**Problem to solve:** Span requested from the data below: the line with "Kort Trenchcoat for" through the line with "Rock your passion", both included. Give only these lines again, exactly, and leave every picture out.

**Information provided:**
———
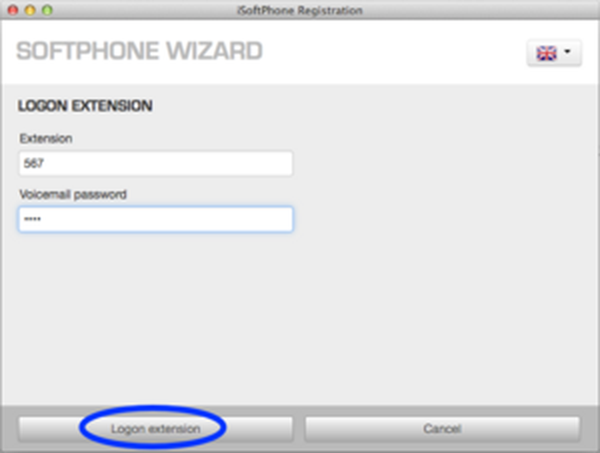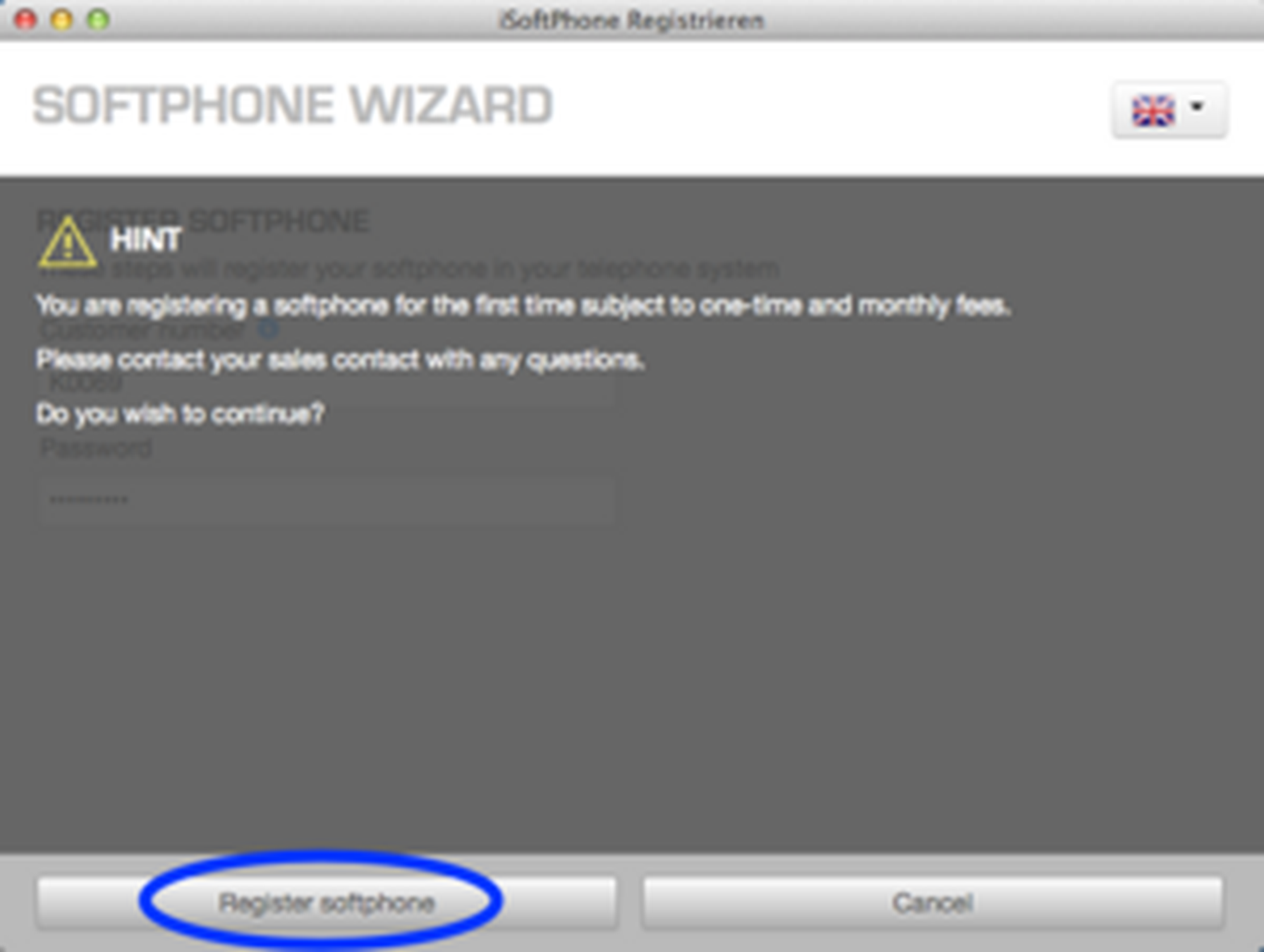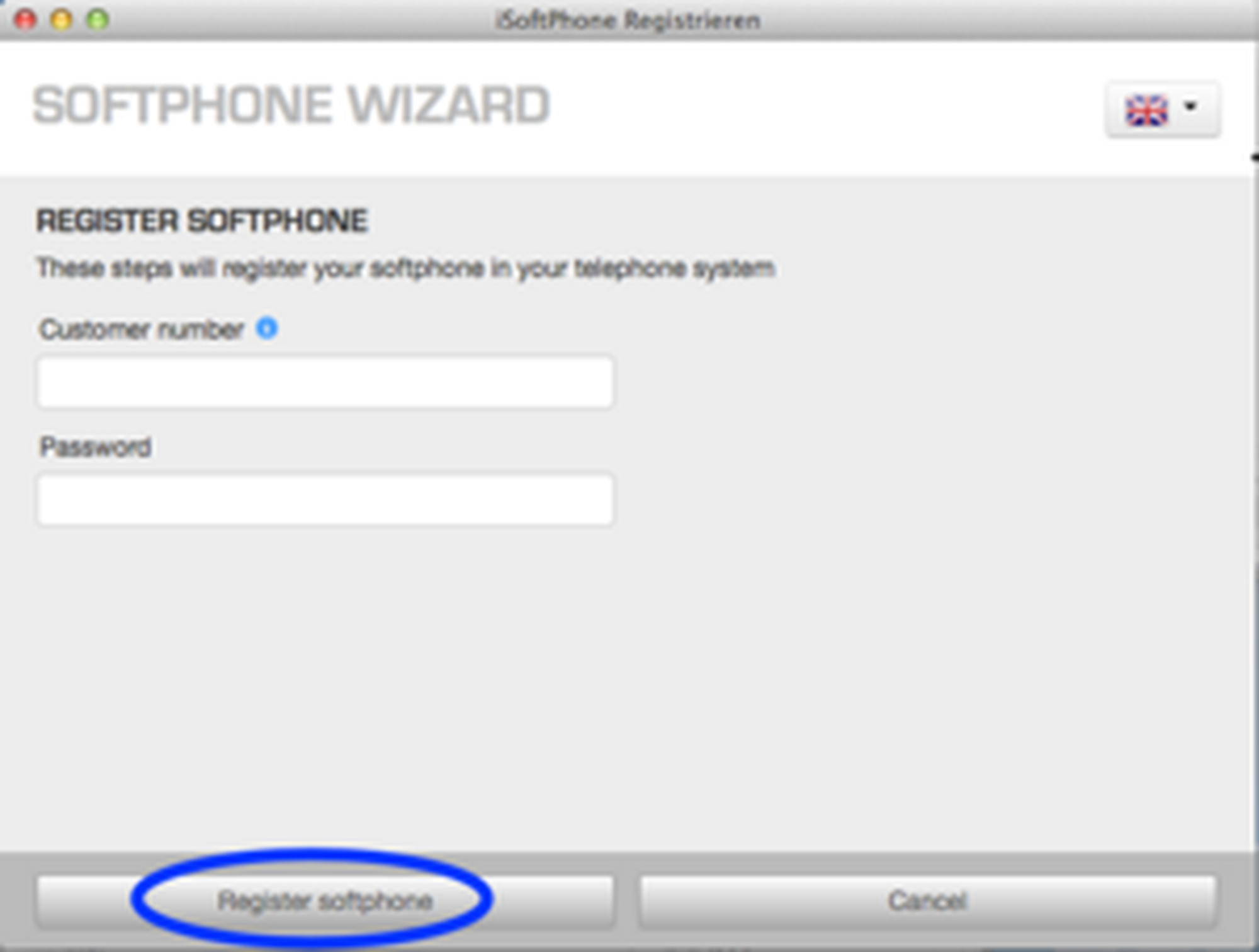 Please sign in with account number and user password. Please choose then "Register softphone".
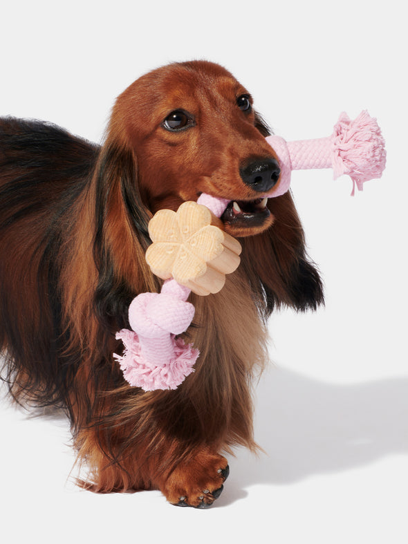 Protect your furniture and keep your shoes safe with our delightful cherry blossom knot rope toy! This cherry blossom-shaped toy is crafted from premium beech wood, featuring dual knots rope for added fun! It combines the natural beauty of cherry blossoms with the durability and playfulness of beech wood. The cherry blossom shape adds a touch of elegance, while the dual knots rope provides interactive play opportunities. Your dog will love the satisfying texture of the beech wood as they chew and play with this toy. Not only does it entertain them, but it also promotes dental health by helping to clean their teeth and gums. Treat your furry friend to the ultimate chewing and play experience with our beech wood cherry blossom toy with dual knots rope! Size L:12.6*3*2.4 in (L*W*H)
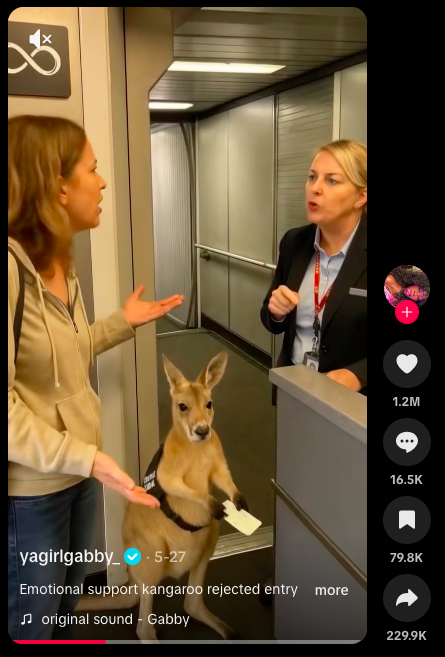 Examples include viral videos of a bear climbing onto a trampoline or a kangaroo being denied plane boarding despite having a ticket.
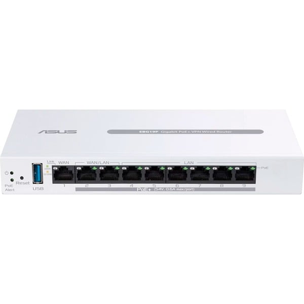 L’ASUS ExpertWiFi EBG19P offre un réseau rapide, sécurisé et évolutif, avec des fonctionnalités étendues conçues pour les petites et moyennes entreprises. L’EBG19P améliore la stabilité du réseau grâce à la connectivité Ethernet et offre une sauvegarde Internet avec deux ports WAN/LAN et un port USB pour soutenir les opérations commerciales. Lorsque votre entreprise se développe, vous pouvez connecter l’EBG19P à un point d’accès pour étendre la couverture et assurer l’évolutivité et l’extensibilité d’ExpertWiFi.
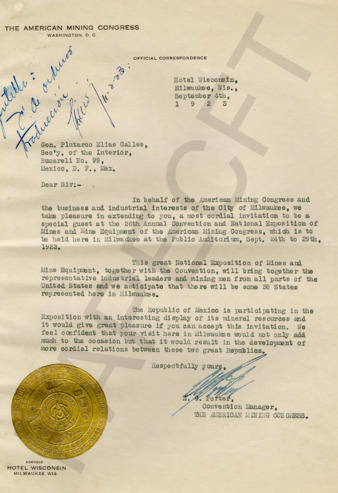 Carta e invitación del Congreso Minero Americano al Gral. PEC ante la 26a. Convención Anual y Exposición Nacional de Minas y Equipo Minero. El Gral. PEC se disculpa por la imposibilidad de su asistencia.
———
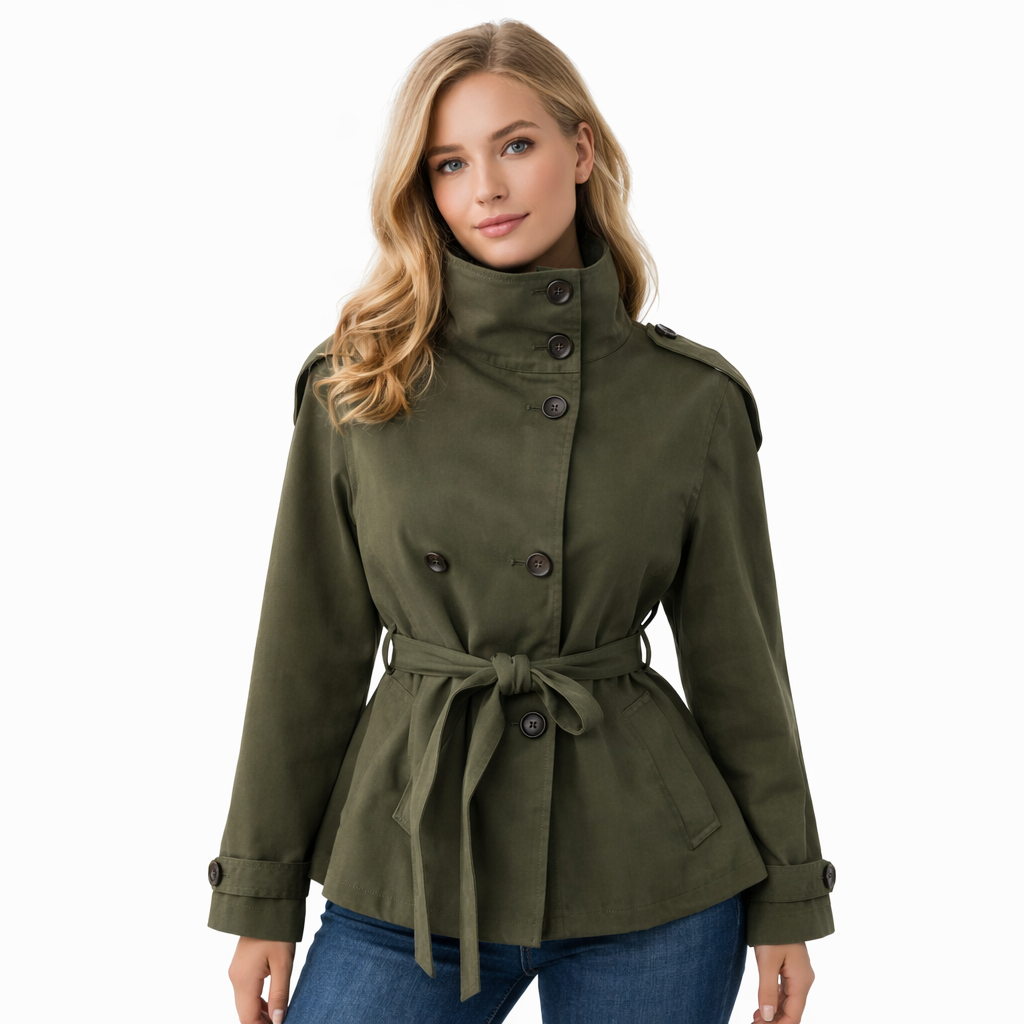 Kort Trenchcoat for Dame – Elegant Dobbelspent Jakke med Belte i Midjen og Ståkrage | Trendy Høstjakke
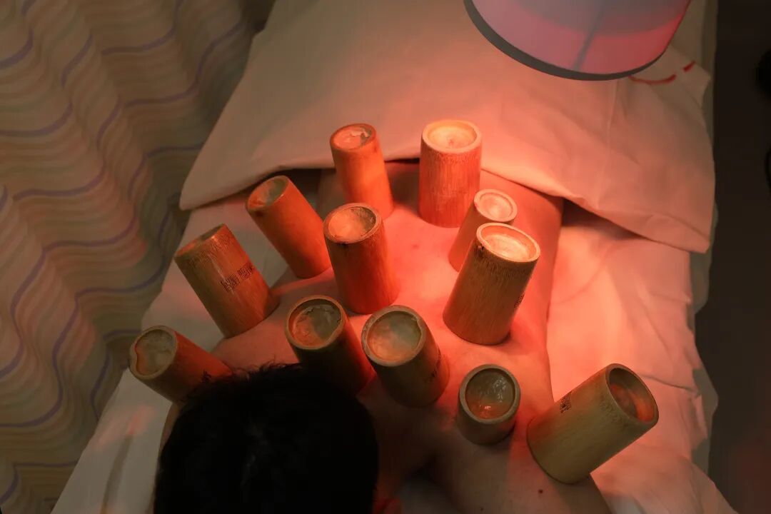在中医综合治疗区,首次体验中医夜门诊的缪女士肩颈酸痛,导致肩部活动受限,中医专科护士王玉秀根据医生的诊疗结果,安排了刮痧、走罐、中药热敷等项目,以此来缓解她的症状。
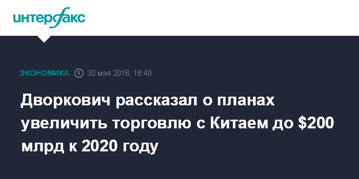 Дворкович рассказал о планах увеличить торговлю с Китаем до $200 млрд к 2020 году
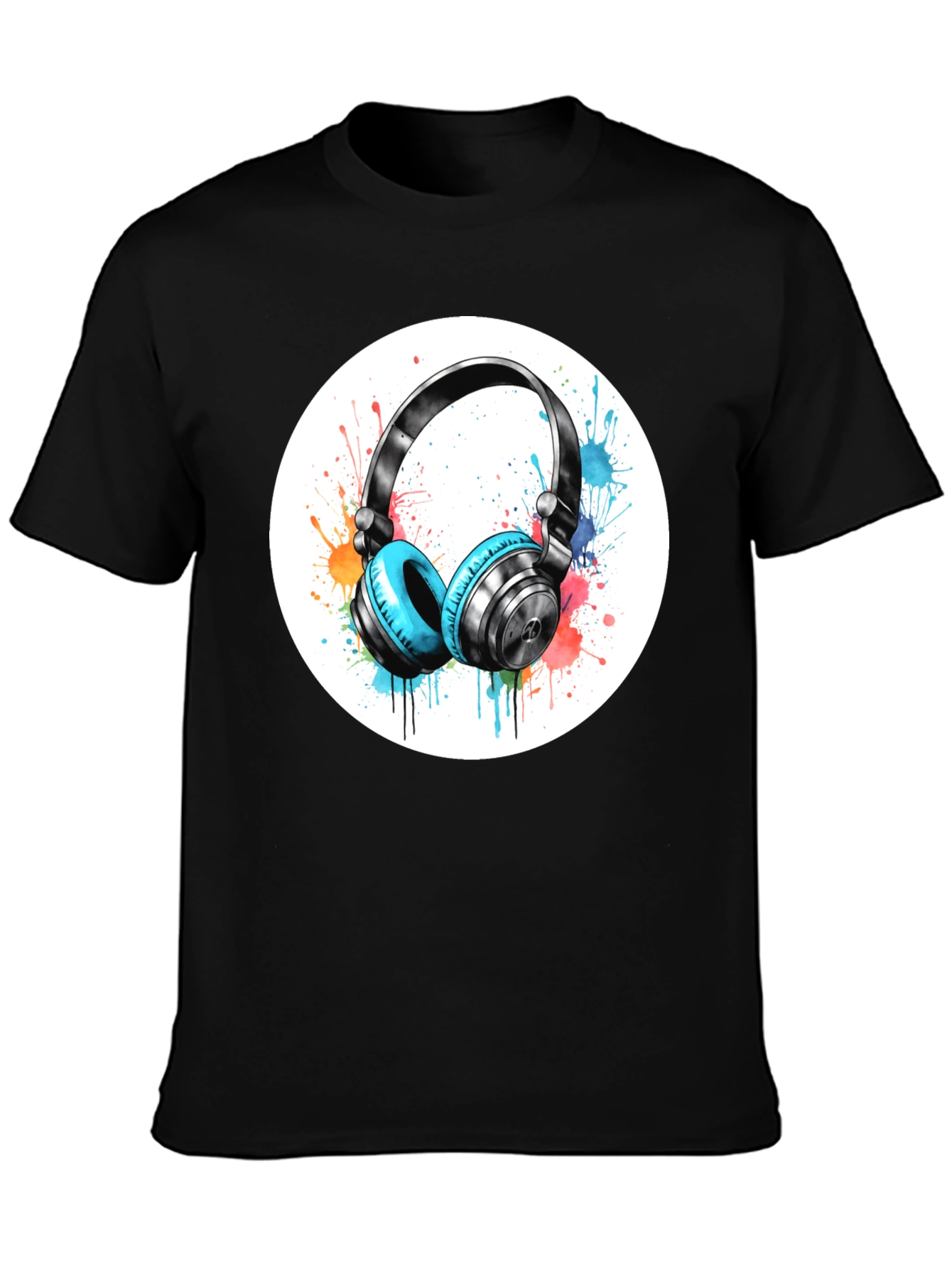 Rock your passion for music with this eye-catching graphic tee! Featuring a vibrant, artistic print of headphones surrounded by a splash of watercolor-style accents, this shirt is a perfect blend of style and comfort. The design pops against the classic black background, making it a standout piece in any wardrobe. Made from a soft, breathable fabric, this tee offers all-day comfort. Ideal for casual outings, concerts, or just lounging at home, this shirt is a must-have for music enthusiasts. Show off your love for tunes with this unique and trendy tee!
———
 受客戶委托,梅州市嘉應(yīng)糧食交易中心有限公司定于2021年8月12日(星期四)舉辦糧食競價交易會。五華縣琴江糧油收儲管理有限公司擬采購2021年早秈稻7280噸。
———
**Response to the exercise:**
 Kort Trenchcoat for Dame – Elegant Dobbelspent Jakke med Belte i Midjen og Ståkrage | Trendy Høstjakke
在中医综合治疗区,首次体验中医夜门诊的缪女士肩颈酸痛,导致肩部活动受限,中医专科护士王玉秀根据医生的诊疗结果,安排了刮痧、走罐、中药热敷等项目,以此来缓解她的症状。
 Дворкович рассказал о планах увеличить торговлю с Китаем до $200 млрд к 2020 году
 Rock your passion for music with this eye-catching graphic tee! Featuring a vibrant, artistic print of headphones surrounded by a splash of watercolor-style accents, this shirt is a perfect blend of style and comfort. The design pops against the classic black background, making it a standout piece in any wardrobe. Made from a soft, breathable fabric, this tee offers all-day comfort. Ideal for casual outings, concerts, or just lounging at home, this shirt is a must-have for music enthusiasts. Show off your love for tunes with this unique and trendy tee!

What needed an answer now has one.